Ms. Gregg seeks to bolster her attack by offering evidence she was complying with MUCA. In her opinion, evidence of the annual-renewal requirement would tend to support her theory that there were, at most, two separate agreements to grow marijuana; one agreement in 2011 and another one in 2012. Mrs. Gregg's argument is not without merit. MUCA-compliance evidence may have some relevance. However, not all relevant evidence is admissible at trial. Even when evidence is arguably relevant, it should be excluded if its probative value "is substantially outweighed by a danger of . . . unfair prejudice, confusing the issues, [or] misleading the jury . . . ." Fed.R.Evid. 403. As explained in earlier orders, and earlier in this order, the probative value of MUCA-compliance evidence is speculative at best. By contrast, its potential to confuse and distract jurors is evident. Consequently, even assuming MUCA-compliance evidence has some relevance, its probative value is substantially outweighed by the risk it will distort the jury's decision-making process. As a result, MUCA-compliance evidence will be excluded from Ms. Gregg's trial pursuant to Rule 403. While the defendants disagree with this ruling, they have failed to demonstrate it is erroneous. Reconsideration is unwarranted.

IT IS HEREBY ORDERED:

1. Michelle Gregg's motion to dismiss (ECF No. 383) is denied.
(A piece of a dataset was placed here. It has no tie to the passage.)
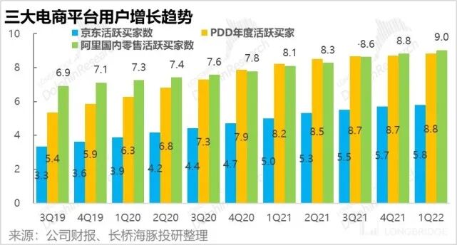 2022 年初起,无论根据市场调研还是海豚君的自身体验,都能感受到拼多多重新加大了推广力度。或许因此,本季度拼多多的用户量也重回增长。本季公司年活跃买家数环比净增了 1300 万人,作为参考京东本季环比新增了 1000 万。

2. Michelle Gregg's motion for reconsideration ECF No. 384) is denied.

3. The oral motions for reconsideration that were made on June 23, 2014, are denied.
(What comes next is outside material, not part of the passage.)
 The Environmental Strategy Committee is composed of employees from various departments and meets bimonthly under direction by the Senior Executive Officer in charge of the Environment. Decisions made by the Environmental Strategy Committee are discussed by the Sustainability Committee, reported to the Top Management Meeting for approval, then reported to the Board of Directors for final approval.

IT IS SO ORDERED. The District Court Executive is hereby directed to enter this order and furnish copies to counsel.

FootNotes


1. The Court is not ruling Ms. Gregg is entitled to a multiple conspiracies instruction; that remains to be seen. Cf. United States v. Fernandez, 388 F.3d 1199, 1247 (9th Cir.2004) (evidence is sufficient to support a multiple conspiracies instruction where "`a jury could reasonably conclude that some of the defendants were only involved in separate conspiracies unrelated to the overall conspiracy charged in the indictment.'" (emphasis added in Fernandez) (quoting United States v. Anguiano, 873 F.2d 1314, 1317 (9th Cir.1989))).